See;
http://www.ipe.com/news/funding/bbc-scheme-seeks-to-cap-inflation-increases-with...This seems to indicate that the offer is to be made to 16,900 existing pensioners (Old Benefits Scheme only ?) but there is a comment later about those over 80 might be offered it so it is a little unclear. I would guess therefore that initially those over 80 might be excluded, perhaps because the increase to be offered would look quite small in % terms owing to the expected term to death (lovely phrase !) being quite small hence the potential gain to the BBC being similarly tiny.
Many other companies have gone down the PIE route, you can search around the www for some background info.

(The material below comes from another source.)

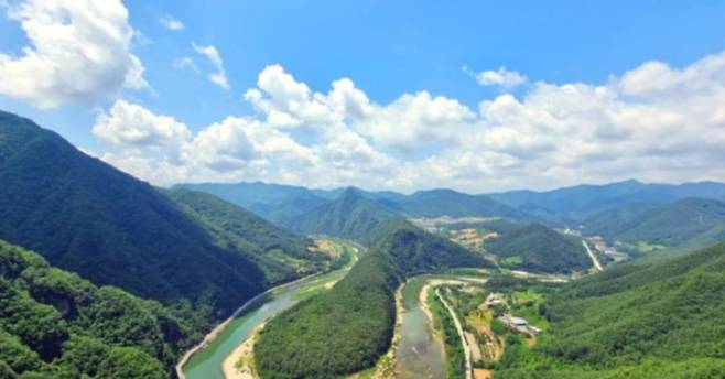 동강은 한반도 지형을 닮은 밤섬을 감싸며 S자 곡류를 이루고, 그 위를 가로지르는 짚와이어는 마치 자연 속을 나는 새가 된 듯한 기분을 선사하지요.
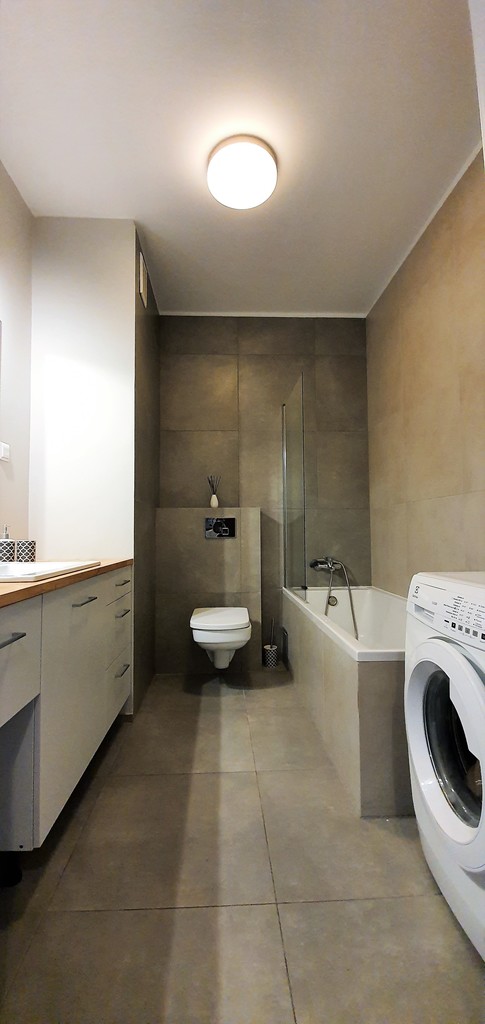 Łazienka z toaletą, wanna z parawanem, umywalka z zabudową szafkami, pralka.

Here is one from BT with a case study;
http://www.btpensionersreconnect.co.uk/Pension%20Increase%20A%20Case%20Study2.pd...Note in that case the increase offered was less than 20% although complicated by a partially indexed bit.
Here is a KPMG document aimed at companies. Note the term "Balanced Deal Percentage".
https://www.kpmg.com/UK/en/IssuesAndInsights/ArticlesPublications/Documents/PDF/...Here is a link to what the Pension Regulator has to say.
http://www.thepensionsregulator.gov.uk/guidance/incentive-exercises.aspxI draw your attention to this section;
"Risks associated with incentive exercises
Where a member accepts an IE offer, an employer’s pension liability or risk is likely to be reduced. Conversely, for members the risk that they will suffer a loss in the long run will usually increase if they accept an offer. Losses could be due to factors specific to the individual (eg life expectancy or investment choices) or the overall economic and market environment in future. An IE offer is often set at below ‘cost-neutral’ terms in order to reduce an employer’s pension liabilities, and in this situation there is a heightened risk that members will be worse off.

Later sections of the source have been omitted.